REQUIRED WORK
Please write out every record exactly, but keep any images out of it.

GIVEN DATA
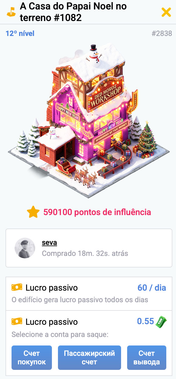 Cada upgrade de nível do edifício custa apenas 1000 ! E no nível 12, a Casa do Papai Noel trará a você renda passiva de até 60 por dia!
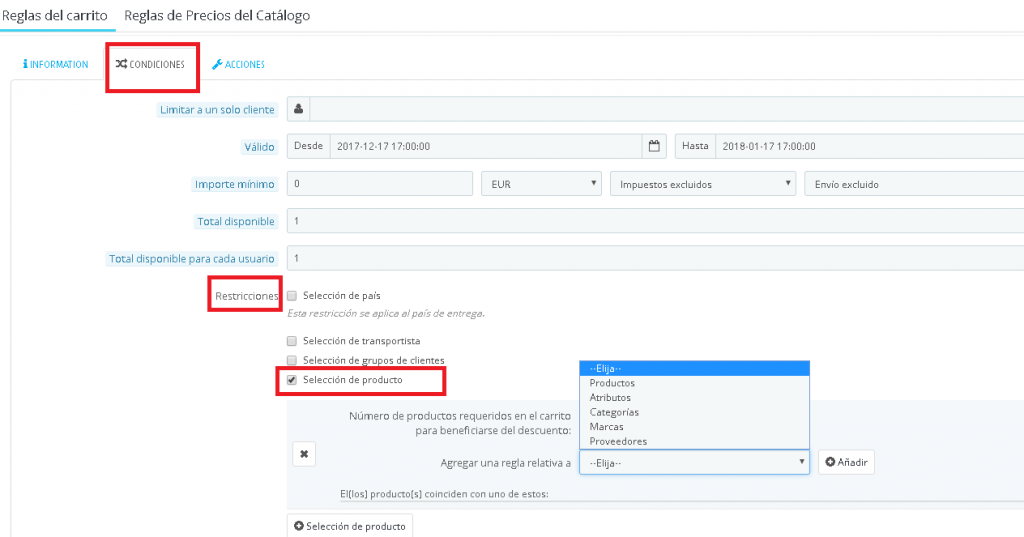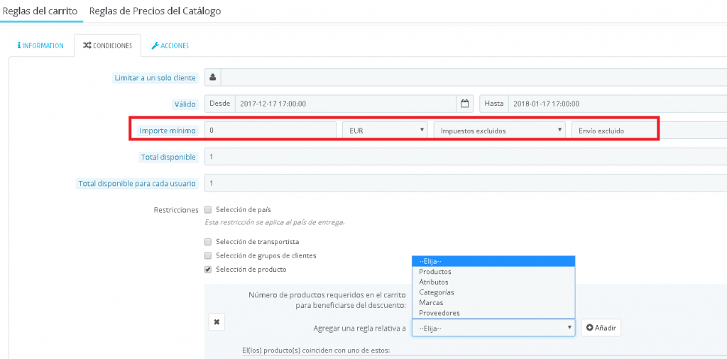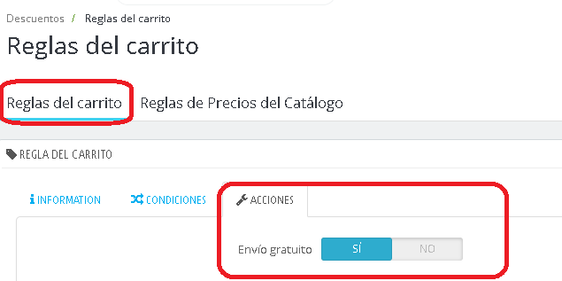nadie Posted December 17, 2017 Share Posted December 17, 2017 (edited) 29 minutes ago, lfelisiak said: Hola que tal gente de la comunidad, tengo una duda sobre realizar una modificacion sobre prestashop en una funcionalidad que necesito para mi tienda, Deseo hacer que si el total de los productos en el carrito suma mas de una determinada cantidad de dinero, y se tienen productos de determinadas categorias, este aplique un envio gratuito. Ahora bien, he llegado al punto en que no se donde debo realizar esta modificacion, tengo un modulo hecho donde configuro los productos y categorias y el precio de carrito para hacer el descuento, pero en donde puedo hacer que este codigo se ejecute? he probado en hookActionCartSave hookDisplayCarrierList pero no consigo cambiar el carrier, de hecho no encuentro una funcion (Leyendo el Cart.php) para cambiar el carrier. Alguien podria orientarme? Gracias de antemano. Hola, En principio no necesitas módulo u modificación de código para lo que planteas hacer en tu mensaje. Puedes crear una regla para que se aplique tal acción. Te pongo un ejemplo con varias imágenes. Vas a la pestaña Catalogo -> Descuentos, tal como puedes ver en esta imagen: http://victor-rodenas.com/wp-content/uploads/2017/12/edea.png Ahora en "Reglas del Carrito" -> Añade una nueva, tal como puedes ver en esta imagen: http://victor-rodenas.com/wp-content/uploads/2017/12/anadirReglaCarrito-1024x385.png Y dentro de la pestaña "Condición" tienes una opción llamada "Selección de Producto", tal como puedes ver en esta imagen: http://victor-rodenas.com/wp-content/uploads/2017/12/restricionProductos-1024x537.png donde puedes restringir la aplicación de la regla que estas creando. Además en condición puedes establecer un pedido mínimo para la aplicación, tal como puedes ver en esta imagen: http://victor-rodenas.com/wp-content/uploads/2017/12/importe_minimo-1024x506.png Una vez configurado lo comentado en el párrafo anterior, si vas a la pestaña "Acciones" puedes seleccionar "Gastos de envío gratis", tal como puedes ver en esta imagen: http://victor-rodenas.com/wp-content/uploads/2017/12/Gratis.png Edited December 17, 2017 by nadie (see edit history) Link to comment Share on other sites More sharing options...
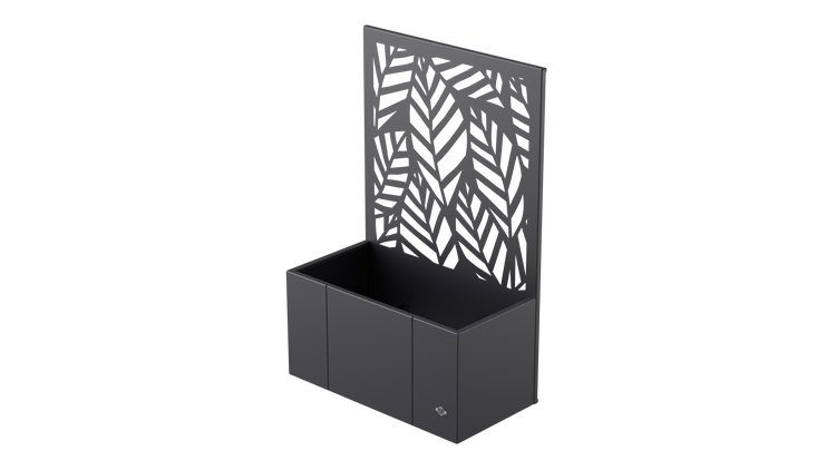 Unser Pflanzkübel mit Sichtschutz Vernazza aus witterungsbeständigem Metall eignet sich optimal für die Terrasse oder den Balkon. Er besitzt die Maße 40 x 80 x 40 cm. Nutzen Sie die integrierte Sichtschutzwand, um hier Kletterpflanzen ranken zu lassen! Die Höhe des Sichtschutzes beträgt 120 cm.
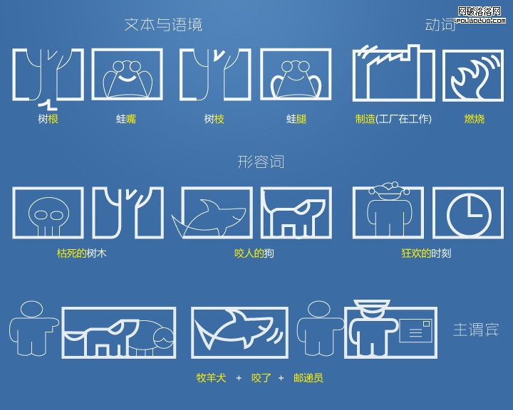組合COM(X,Y),把X和Y的語義合並來進行概念的合並。如用地球和數據連接的兩個概念組合為網絡信息連接這個圖標語義。
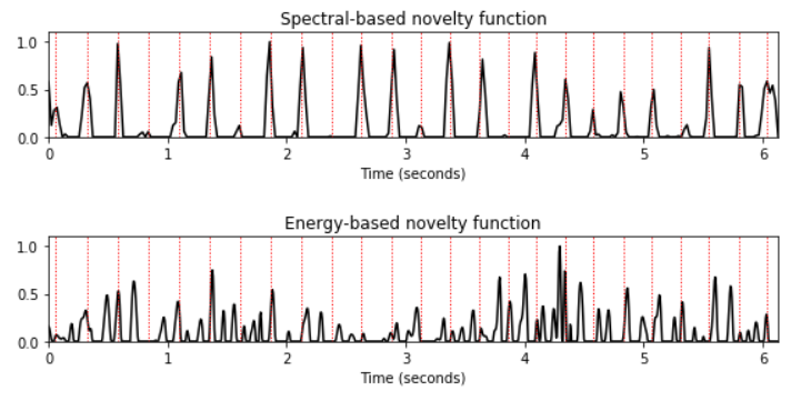 음악의 온셋(onset)을 설명하고, 온셋을 감지하기 위해 변화를 포착하는 노벨티(novelty) 함수의 네 가지 종류를 설명하고 비교한다. 또한 피크-선택(peak-picking) 방법을 알아본다.
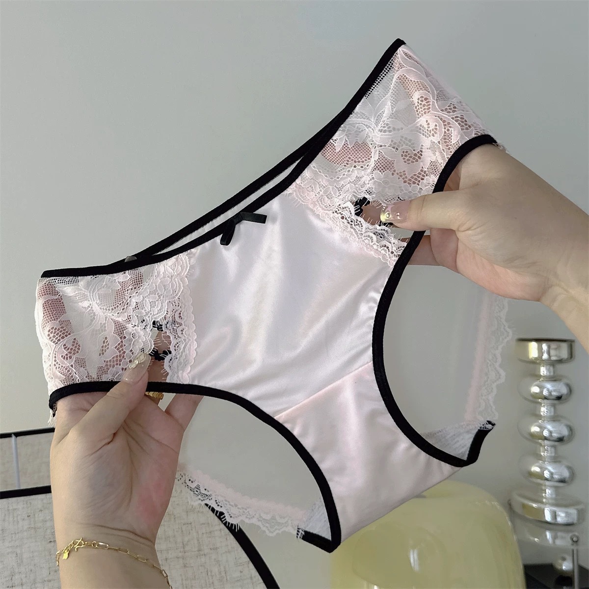 광택 있는 아이스 실크 속옷 클리어 거즈 경량 소녀 속눈썹 섹시 레이스 속옷 명암 컬러 고양이 클로 속옷 여성용
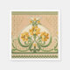 Decorações de Casamento Românticas Presentes Feriado Natal. Estilo Art Nouveau. Medalhões alternados grandes e pequenos em rolos verdes estilizados. Dentro dos medalhões grandes estão grandes buquês de flores amarelas. Há uma flor singular em cada medalhão pequeno.

RESPONSE AREA
 Cada upgrade de nível do edifício custa apenas 1000 ! E no nível 12, a Casa do Papai Noel trará a você renda passiva de até 60 por dia!
nadie Posted December 17, 2017 Share Posted December 17, 2017 (edited) 29 minutes ago, lfelisiak said: Hola que tal gente de la comunidad, tengo una duda sobre realizar una modificacion sobre prestashop en una funcionalidad que necesito para mi tienda, Deseo hacer que si el total de los productos en el carrito suma mas de una determinada cantidad de dinero, y se tienen productos de determinadas categorias, este aplique un envio gratuito. Ahora bien, he llegado al punto en que no se donde debo realizar esta modificacion, tengo un modulo hecho donde configuro los productos y categorias y el precio de carrito para hacer el descuento, pero en donde puedo hacer que este codigo se ejecute? he probado en hookActionCartSave hookDisplayCarrierList pero no consigo cambiar el carrier, de hecho no encuentro una funcion (Leyendo el Cart.php) para cambiar el carrier. Alguien podria orientarme? Gracias de antemano. Hola, En principio no necesitas módulo u modificación de código para lo que planteas hacer en tu mensaje. Puedes crear una regla para que se aplique tal acción. Te pongo un ejemplo con varias imágenes. Vas a la pestaña Catalogo -> Descuentos, tal como puedes ver en esta imagen: http://victor-rodenas.com/wp-content/uploads/2017/12/edea.png Ahora en "Reglas del Carrito" -> Añade una nueva, tal como puedes ver en esta imagen: http://victor-rodenas.com/wp-content/uploads/2017/12/anadirReglaCarrito-1024x385.png Y dentro de la pestaña "Condición" tienes una opción llamada "Selección de Producto", tal como puedes ver en esta imagen: http://victor-rodenas.com/wp-content/uploads/2017/12/restricionProductos-1024x537.png donde puedes restringir la aplicación de la regla que estas creando. Además en condición puedes establecer un pedido mínimo para la aplicación, tal como puedes ver en esta imagen: http://victor-rodenas.com/wp-content/uploads/2017/12/importe_minimo-1024x506.png Una vez configurado lo comentado en el párrafo anterior, si vas a la pestaña "Acciones" puedes seleccionar "Gastos de envío gratis", tal como puedes ver en esta imagen: http://victor-rodenas.com/wp-content/uploads/2017/12/Gratis.png Edited December 17, 2017 by nadie (see edit history) Link to comment Share on other sites More sharing options...
 Unser Pflanzkübel mit Sichtschutz Vernazza aus witterungsbeständigem Metall eignet sich optimal für die Terrasse oder den Balkon. Er besitzt die Maße 40 x 80 x 40 cm. Nutzen Sie die integrierte Sichtschutzwand, um hier Kletterpflanzen ranken zu lassen! Die Höhe des Sichtschutzes beträgt 120 cm.
組合COM(X,Y),把X和Y的語義合並來進行概念的合並。如用地球和數據連接的兩個概念組合為網絡信息連接這個圖標語義。
 음악의 온셋(onset)을 설명하고, 온셋을 감지하기 위해 변화를 포착하는 노벨티(novelty) 함수의 네 가지 종류를 설명하고 비교한다. 또한 피크-선택(peak-picking) 방법을 알아본다.
 광택 있는 아이스 실크 속옷 클리어 거즈 경량 소녀 속눈썹 섹시 레이스 속옷 명암 컬러 고양이 클로 속옷 여성용
 Decorações de Casamento Românticas Presentes Feriado Natal. Estilo Art Nouveau. Medalhões alternados grandes e pequenos em rolos verdes estilizados. Dentro dos medalhões grandes estão grandes buquês de flores amarelas. Há uma flor singular em cada medalhão pequeno.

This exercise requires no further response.